Schemes should not be chosen based on single year returns

Some investors end up focusing on important market indices, whereas other investors focus on short term returns. It is a common sight for an investor to pick a mutual fund based on performance of a single year. Sadly investors realize their mistake when they end up discussing about mutual funds with an expert on an online forum. They feel that to get out of this scheme might involve upfront costs. An exit load is levied once you have to exit the scheme. If you go on to sell equity investments before a year, it is mandatory to pay short term capital gains up to 15 %.

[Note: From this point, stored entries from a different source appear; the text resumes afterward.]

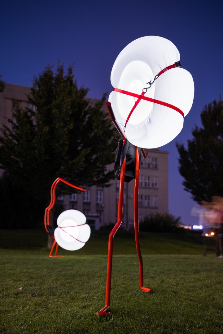 Under Pressure is a light and sound installation. It consists of 8 exercising figures with their heads squeezed in fastening straps. The artwork reflects the topic of stress and work pressure, which society tries to fix with exercising, for example with modern yoga, but ignores the systematic solutions to prevent burn-out. The series points to the contrast between a society that has embarked on the trend of a healthy lifestyle and a society that is struggling with mental health problems. Author offers ironic commentary on an individual who is looking for harmony in physical activity, while his motivation is to cope with work stress, anxiety and psychological pressure – emphasizing the need to set the overall pace of our lives in a healthier way. From a certain point on, it is no longer enough to “practice” (yoga) twice a week. The author deals with the topic of burnout and the art work can be read based on his personal experience. In the current “corona” age, however, each viewer can attach their own story of the search for mental balance to each of the figures.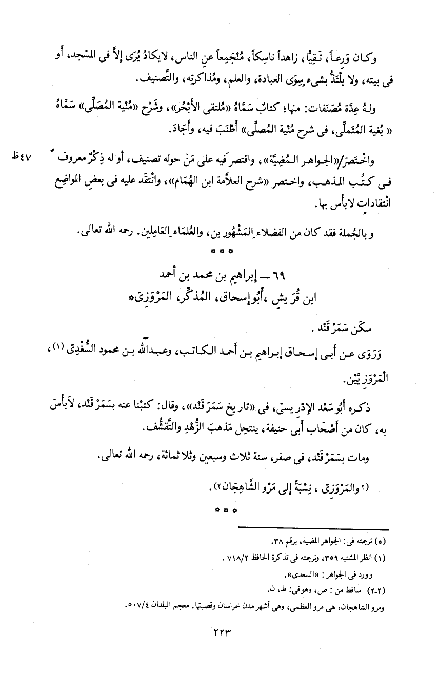 69 - إبراهيم بن محمد بن أحمد ابن قريش، أبو إسحاق، المذكّر، المروزىّ *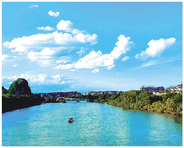 7日,桂林晴好天气持续,在漓江解放桥上游,蓝天白云与青山绿水构成了一幅美景。 记者邢刚 摄

Give due importance to your risk profile

New investors end up betting on small cap schemes. They feel this is going to make them rich quickly, but in no way it means that this stellar performance is likely to be repeated each year. Even if it does they carry a high degree of risk and are suggested for an investor with a high risk appetite. For a conservative investor they might be overwhelmed by the occasion and exit in a hurry. No need to be adventure prone and think you can tolerate investments with a high risk capacity. Go on to assess your funds and choose one based on the levels of your risk tolerance.

Do not commit to invest in ELSS rather than required sum of money

ELSS funds work out to be ideal for a first time investor. No way it means that you should end up your entire funds in them as whatever you invest the maximum amount of rebate is Rs 1.5 lakhs. Even if you go on to invest a higher sum this is the maximum possible rebate under section 80 C of the Income tax act. It is suggested that you invest extra money in other funds so as to improve your risk profile and built on your portfolio.

To conclude pay less heed to terms like book profits that could be really confusing for a first time investor. Just ignore and do follow the tips that these tips are not meant for a first time investor, though for an existing investor it would be of help.